Drones and the Law: Restoring Checks and Balances

The Department of Justice has recently released a white paper detailing what it believes to be the scope of the president’s authority to kill Americans suspected of being members of al Qaeda—killings that are usually conducted via drones. The white paper argues that the killing of such suspects does not violate due process or the Fourth Amendment, claims that a lethal operation against such suspects does not violate the tenets of Executive Order 12333 (which among other things, prohibits assassinations), and states that the power to kill such suspects can take place “away from the zone of active hostilities.” Additionally, the president can authorize legal force against an American citizen located in a foreign country that either gives its consent to a legal operation, or “after a determination that the host nation is unable or unwilling to suppress the threat posed by the individual targeted.” A suspected American terrorist can be killed outside of the United States if the suspect “poses an imminent threat of violent attack against the United States,” but this “does not require the United States to have clear evidence that a specific attack on U.S. persons or interests will take place in the near future.”
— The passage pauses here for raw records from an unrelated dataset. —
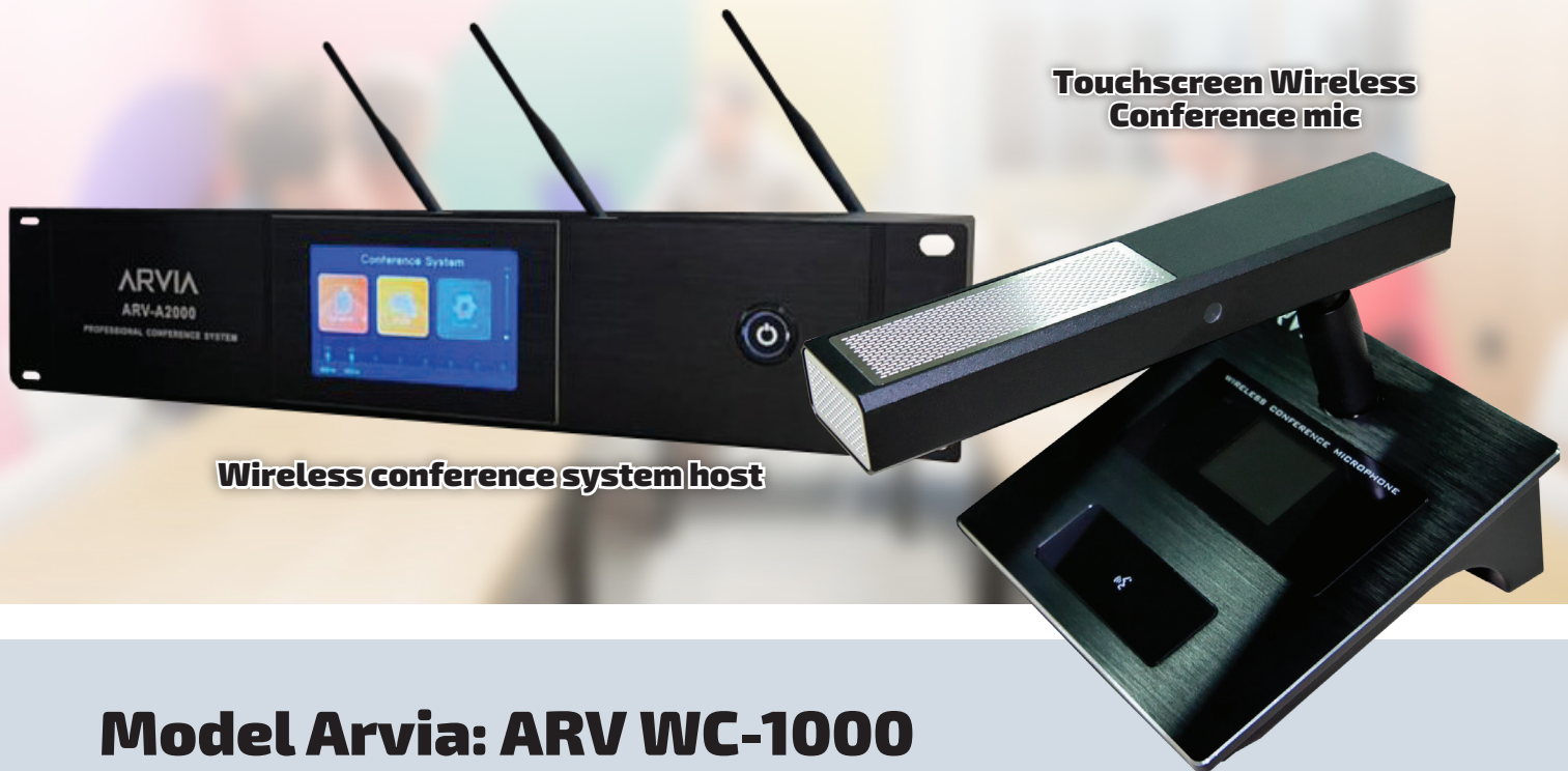
Wireless conference system host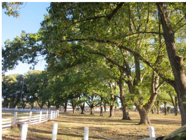
Chinese Poplars ring the field.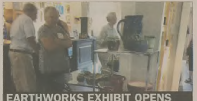
EARTHWORKS EXHIBIT OPENS AT CHOWAN ARTS COUNCIL — A8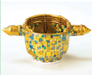
39. SUZUKI Hideaki 鈴木秀昭(1959- ) Sake Cup -cosmic- 3 色絵金彩銀彩cosmic杯, 2020 H1.8" x W3.9" x D2.3" H4.7 x W10 x D6cm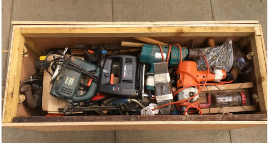
Example of a kit sent out to refugees or to projects in Africa.

The Shedders get a great deal of satisfaction from their work as Tool Shed volunteers, David Smith tells us "It's fantastic to be involved in this project knowing that our carpentry kits will make such a difference to the refugees in Samos and other projects around the world".

The white paper has prompted spirited reaction. Indiana University law professor Gerald Magliocca argues that it is too easy to authorize a lethal drone operation because it is not clear who qualifies as “an informed high-level official” for the purposes of determining that “a targeted individual poses an imminent threat of violent attack against the United States,” and because the language of the white paper might suggest that only one such “high-level official” is needed to issue such a determination. George Washington University law professor Jeffrey Rosen claims that the administration’s arguments do not pass constitutional muster. Harvard law professor Jack Goldsmith states that while “[t]here is little of substance that is new in the White Paper,” the white paper “does reveal problems in the administration’s political and legal strategy for conducting drone strikes, especially against American citizens,” including “excessive secrecy.” Goldsmith also argues that we need “a new framework statute” that would “define the scope of the new war, the authorities and limitations on presidential power, and forms of review of the president’s actions.” Goldsmith’s call for a new framework is echoed by former secretary of defense Robert Gates, who has argued for the creation of a “third group” that would inform Congress and intelligence communities about drone strikes, thus creating more oversight for the process.

Some have argued that the best “form of review” of the president’s actions would be found in a FISA-like court charged with the responsibility to authorize lethal operations against Americans suspected of being members of al Qaeda (much as the FISA court is charged with the responsibility of authorizing surveillance warrants at the request of federal law enforcement agencies). But as Robert Chesney, a law professor at the University of Texas, Austin notes, “some judges want absolutely nothing to do with” the process of reviewing whether certain Americans ought to be marked for death, and even if they do, judicial oversight may be constitutionally and procedurally problematic.

So perhaps a different “form of review” is required. One such alternative mechanism might be to empower the President’s Intelligence Advisory Board to serve as a check against any overreach of presidential power in targeting American suspects for killing.

As currently constituted, the PIAB is “an independent element within the Executive Office of the President.” But to truly establish the entity’s independence from the office of the presidency, Congress should pass and the president should sign legislation reconstituting the PIAB as a Federal Intelligence Commission, and making it an independent regulatory agency, much as the Federal Election Commission is. Members of the new FIC must be nominated by the president and must undergo Senate confirmation—thus allowing for congressional oversight of the FIC’s activities.

When the president’s national security team determines that an American citizen suspected of involvement with al Qaeda may be the target of a lethal operation, that finding will have to be forwarded to the FIC for review. The FIC may then issue its blanket approval or disapproval, or propose amendments and modifications to the finding. At that point, both the determination of the president’s national security team and those of the FIC will be forwarded to the president, who may invite his national security team and members of the FIC to debate their respective findings in meetings with him. In the event that the president overrules any limitations on the part of the FIC on the findings of his national security team, his administration must inform the House and Senate Intelligence Committees that the president has undertaken actions that exceed the recommendations of the FIC. This may prompt oversight hearings that may occur in closed session as might be necessary to safeguard national security secrets.

Empowering an independent agency to act as a check against presidential power and allowing for greater congressional oversight in the process is a good way to ensure the drone program is not being abused, and may help the administration win over congressional skeptics of the drone program through discussions at oversight hearings. For these reasons, the Obama administration should support more checks on the drone program, and should encourage Congress to authorize such checks via legislation.

Pejman Yousefzadeh is an attorney in the Chicago area. He writes on law and public policy at his eponymous blog.